◆ **Work to complete**
Of all the lines in these entries, count those that contain "into" and give only the total.

[Material for this task — start]

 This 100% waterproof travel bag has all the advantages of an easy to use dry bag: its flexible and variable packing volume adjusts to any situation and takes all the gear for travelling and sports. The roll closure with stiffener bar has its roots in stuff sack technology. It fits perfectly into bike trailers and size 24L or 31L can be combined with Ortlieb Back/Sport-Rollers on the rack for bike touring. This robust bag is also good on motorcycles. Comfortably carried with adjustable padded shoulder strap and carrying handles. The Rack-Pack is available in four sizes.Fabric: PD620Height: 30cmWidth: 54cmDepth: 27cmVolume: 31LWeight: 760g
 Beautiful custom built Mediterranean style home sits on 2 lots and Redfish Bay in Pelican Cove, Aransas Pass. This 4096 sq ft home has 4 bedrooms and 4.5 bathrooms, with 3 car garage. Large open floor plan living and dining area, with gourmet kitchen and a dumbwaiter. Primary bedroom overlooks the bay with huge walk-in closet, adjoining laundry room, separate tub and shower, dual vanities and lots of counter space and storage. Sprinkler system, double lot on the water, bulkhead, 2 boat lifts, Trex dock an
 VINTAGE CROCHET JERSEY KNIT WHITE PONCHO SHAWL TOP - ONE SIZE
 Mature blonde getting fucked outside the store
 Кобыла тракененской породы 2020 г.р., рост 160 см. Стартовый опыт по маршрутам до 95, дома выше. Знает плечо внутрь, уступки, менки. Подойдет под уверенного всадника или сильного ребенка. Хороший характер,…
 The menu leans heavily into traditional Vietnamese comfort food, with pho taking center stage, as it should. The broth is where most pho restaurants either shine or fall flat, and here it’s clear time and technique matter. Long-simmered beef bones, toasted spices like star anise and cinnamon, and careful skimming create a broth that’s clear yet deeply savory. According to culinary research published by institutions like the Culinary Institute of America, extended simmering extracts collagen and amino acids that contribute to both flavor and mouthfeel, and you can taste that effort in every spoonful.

[Material for this task — finish]
[Material for this task — start]

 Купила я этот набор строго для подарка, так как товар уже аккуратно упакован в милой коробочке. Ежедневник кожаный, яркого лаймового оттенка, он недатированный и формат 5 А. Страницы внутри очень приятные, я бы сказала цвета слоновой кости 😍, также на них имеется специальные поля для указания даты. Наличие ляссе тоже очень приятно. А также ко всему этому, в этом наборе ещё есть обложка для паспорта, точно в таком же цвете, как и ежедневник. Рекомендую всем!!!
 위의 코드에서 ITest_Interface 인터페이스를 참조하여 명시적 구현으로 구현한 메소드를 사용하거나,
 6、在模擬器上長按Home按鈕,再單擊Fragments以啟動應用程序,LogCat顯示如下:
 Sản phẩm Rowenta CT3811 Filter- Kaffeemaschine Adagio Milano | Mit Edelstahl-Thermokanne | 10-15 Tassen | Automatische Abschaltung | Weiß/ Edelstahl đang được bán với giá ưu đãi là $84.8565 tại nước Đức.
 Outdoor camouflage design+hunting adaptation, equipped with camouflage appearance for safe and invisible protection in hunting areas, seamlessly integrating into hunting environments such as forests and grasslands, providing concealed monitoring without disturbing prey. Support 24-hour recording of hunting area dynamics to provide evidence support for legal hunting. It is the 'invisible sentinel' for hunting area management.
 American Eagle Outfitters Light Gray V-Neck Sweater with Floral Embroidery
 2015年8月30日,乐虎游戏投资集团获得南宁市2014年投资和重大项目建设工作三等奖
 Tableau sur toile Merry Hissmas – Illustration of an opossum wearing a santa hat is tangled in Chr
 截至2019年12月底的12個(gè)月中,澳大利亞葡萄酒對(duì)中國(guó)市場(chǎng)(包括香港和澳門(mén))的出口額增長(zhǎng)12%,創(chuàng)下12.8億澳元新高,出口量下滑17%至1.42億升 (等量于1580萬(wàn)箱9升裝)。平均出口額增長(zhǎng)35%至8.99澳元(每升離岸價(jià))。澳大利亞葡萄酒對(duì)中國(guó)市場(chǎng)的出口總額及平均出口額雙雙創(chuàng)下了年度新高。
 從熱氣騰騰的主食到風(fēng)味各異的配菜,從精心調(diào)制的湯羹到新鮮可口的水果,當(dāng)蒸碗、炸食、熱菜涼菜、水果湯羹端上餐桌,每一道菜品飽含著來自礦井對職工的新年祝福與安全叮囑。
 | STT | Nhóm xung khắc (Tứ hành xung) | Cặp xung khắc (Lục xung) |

[Material for this task — finish]

◆ **Answer to the exercise**
3